Another example (TBC): with Nomad I believe it was possible, albeit subject to Fly-Nomad deficiencies (potential 15 minute delay/etc), to have a single always(read:mostly)-available instance. In the event of hardware failure Nomad would automatically move the VM to another host(?). I understand that machine instances are tied to hardware - I’m not sure if Apps V2 supports this use case? It would need two machines - but with Fly’s in-house orchestration ensuring only one is running at any point in time, and without reliance on external connections to trigger the proxy to bring up the 2nd/backup machine.

I’ll refrain from speculating too much, but it does sound like we tried to auto migrate your app and it failed.

For a little context, “suspended” is real old terminology from when you could suspend/resume nomad apps, and when machines was first built the “suspended” flag was overloaded to mean a machines app with no machines.

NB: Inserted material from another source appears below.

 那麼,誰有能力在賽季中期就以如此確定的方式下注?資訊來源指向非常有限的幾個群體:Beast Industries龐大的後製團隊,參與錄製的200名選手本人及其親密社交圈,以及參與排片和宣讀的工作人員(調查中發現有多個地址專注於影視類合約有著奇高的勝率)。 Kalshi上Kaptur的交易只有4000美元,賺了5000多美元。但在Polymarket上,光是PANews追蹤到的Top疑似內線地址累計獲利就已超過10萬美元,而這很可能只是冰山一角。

During migration, at some point the app had no machines, so that flag got set. It just never got unset when things failed and it tried to restore your app to the previous state. You should be able to fly resume <appname> to get it back in working order.

We’ve seen a few people mention logs being strange after migration attempts. We’re looking into it.

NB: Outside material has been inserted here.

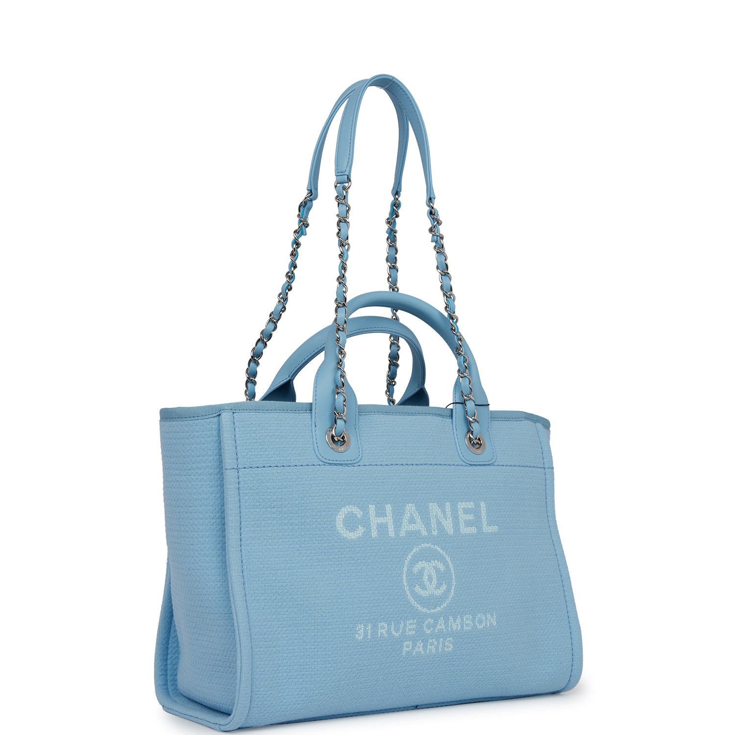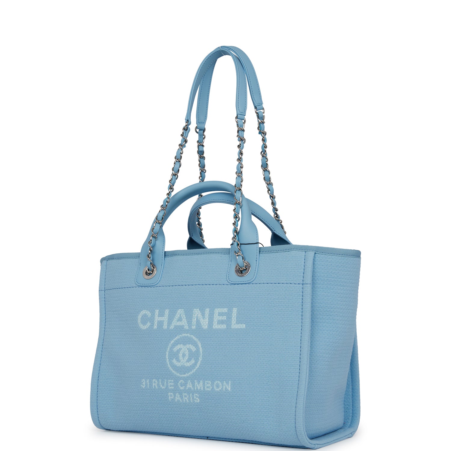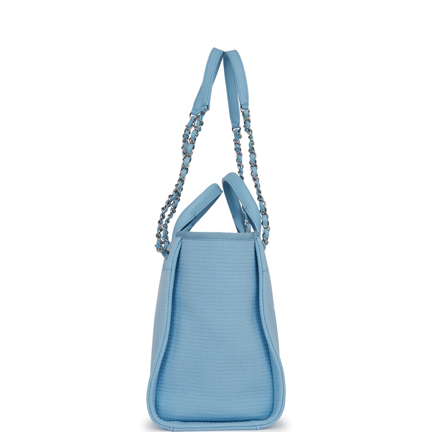 Chanel Small Deauville Shopping Bag Blue Boucle Silver Hardware

Bluegreen is sadly not supported right now. It’s being looked into, but honestly, most of the people working on the apps platform are working on making sure this migration goes well right now. In the meantime, we do support canary deployments, which are pretty close!

As for having a single instance of an app that is relatively resilient, you might be looking for standby machines? Essentially, these are machines that are pointed at another machine, and turn on when their target machine is unreachable. Two caveats here, though: I don’t know what happens when/if the original machine comes back up, and they only get added for processes that do not expose a service.

I already asked about this before, but never got a reply. How do I get rid of this notification?

I neither want or need more than 1 instance.

And how do I scale down to 0 and back to 1 machine?

I simply run flyctl scale count 0 and then flyctl scale count 1, which immediately fails. With this message:

Error: there are no active machines for this app. Run fly deploy to create one and rerun this command

I tried runnin flyctl deploy this a couple of times, but every time I lose my machine settings, e.g. I have a machine with 512MB of RAM, scale down to 0, deploy, and it’s restarted on a machine with 256MB of RAM, which is not enough for startup and gets stuck until I scale the RAM back up manually.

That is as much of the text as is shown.